Additionally, Wang et al. (2018) proposed a method for encoding skeletal joint trajectories, representing 3D skeleton sequence data obtained from a depth camera as three 2D images and converting the dynamic information to JTM. A CNN was utilized to learn and identify distinguishing human action features. Furthermore, Xu et al. (2021) uses RGBD sensors as input sensors and computes a set of features based on human pose and motion, image, and point cloud information. Their algorithm employs a hierarchical maximum entropy Markov model, which views human activity as consisting of a set of self-activities. It utilizes a dynamic programming approach to infer a two-layer graphical structure, experimentally demonstrated with impressive results. All the above methods require external wearable sensors to detect video behaviors. However, for difficult movements in online dance classes, wearable devices will affect the teaching effect.

Lv, Nevatia & Lee (2005) presents a technique to extract regional objects by converting videos into frame images and combining the colour and motion information. Wei, Zhang & Chai (2012) proposes a precise 3D skeleton joint position estimation approach by constructing a local pop frame of skeletal node data features, thereby identifying human actions in a depth image sequence. Birk et al. (1979) applies background deduction methods to extract foreground objects, extract histogram-directed fading features (Girsang, 2021), and employ multi-class support vector machines as classifiers for classification, improving accuracy.

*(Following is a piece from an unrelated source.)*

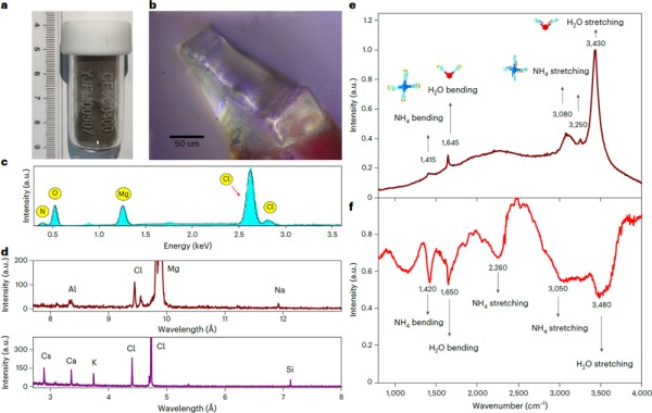 團(tuán)隊研究發(fā)現(xiàn),ULM-1的分子式中含有多達(dá)6個結(jié)晶水,水分子在樣品中的質(zhì)量比高達(dá)41%。從晶體的紅外光譜和拉曼光譜上,均可以清晰觀察到源于水分子和銨的特征振動峰。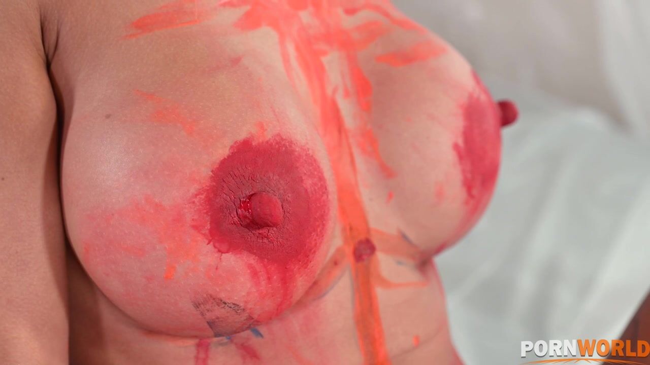 Playful blonde Shalina Devine has the paint brushes out and instead of working on canvas, she decides to paint herself instead! She starts with her legs and slides the paintbrush up to her thigh before lifting up her tank top to cover her underboob. Shalina paints her big nipples and then admires her reflection in the mirror while rubbing her hands over her tits. Once she is completely naked, this stunning girl covers her trimmed pussy in green paint and pleasures herself with a glass dildo when her boyfriend, Vince walks in on this unusual situation! She talks him into joining her and after she paints his chest, things turn sexual very quickly and he fucks her from behind with his big dick while they stand in front of their windows. Shalina gets her pussy and ass demolished before she takes her boyfriend's load all over her tongue!, 03/15/2023

Deep learning-based behaviour detection

Deep learning-based approaches are more adept at detecting human actions in video imagery than conventional methods. The Yao & Zhu (2020) combines the Gaussian Mixed Model (GMM) with the K-Means clustering algorithm to classify target objects’ behaviour. In contrast, the Lu et al. (2019) models the target and extracts geometric features of the human body to detect abnormal behaviour in real-time. In recent years, CNN has shown remarkable advantages in image processing and target detection. The Dhillon & Verma (2020) proposed a human action recognition algorithm based on a learning space pyramid representation. This method uses the cosine measure and cross-view quadratic discriminant analysis to calculate the similarity between different behaviour categories, achieving 92.2% accuracy on the Hollywood2 dataset. In the Yang & Tian (2016), a dual-stream CNN tackles behavior detection. First, it extracts spatial appearance features from a single RGB image to create a spatial stream, capturing static visual info of human behavior. Second, it feeds the continuous optical flow map with behavior motion into a deep CNN to extract temporal trajectory features, forming a temporal stream. Finally, the temporal and spatial features are fused to complete the behaviour detection. This feature combination mode of spatial and temporal flows achieves better recognition accuracy. However, the direct convolutional extraction of spatial features may include redundant information, such as the background. Optical flow features are sensitive to light changes, possibly leading to complex backgrounds’ instability.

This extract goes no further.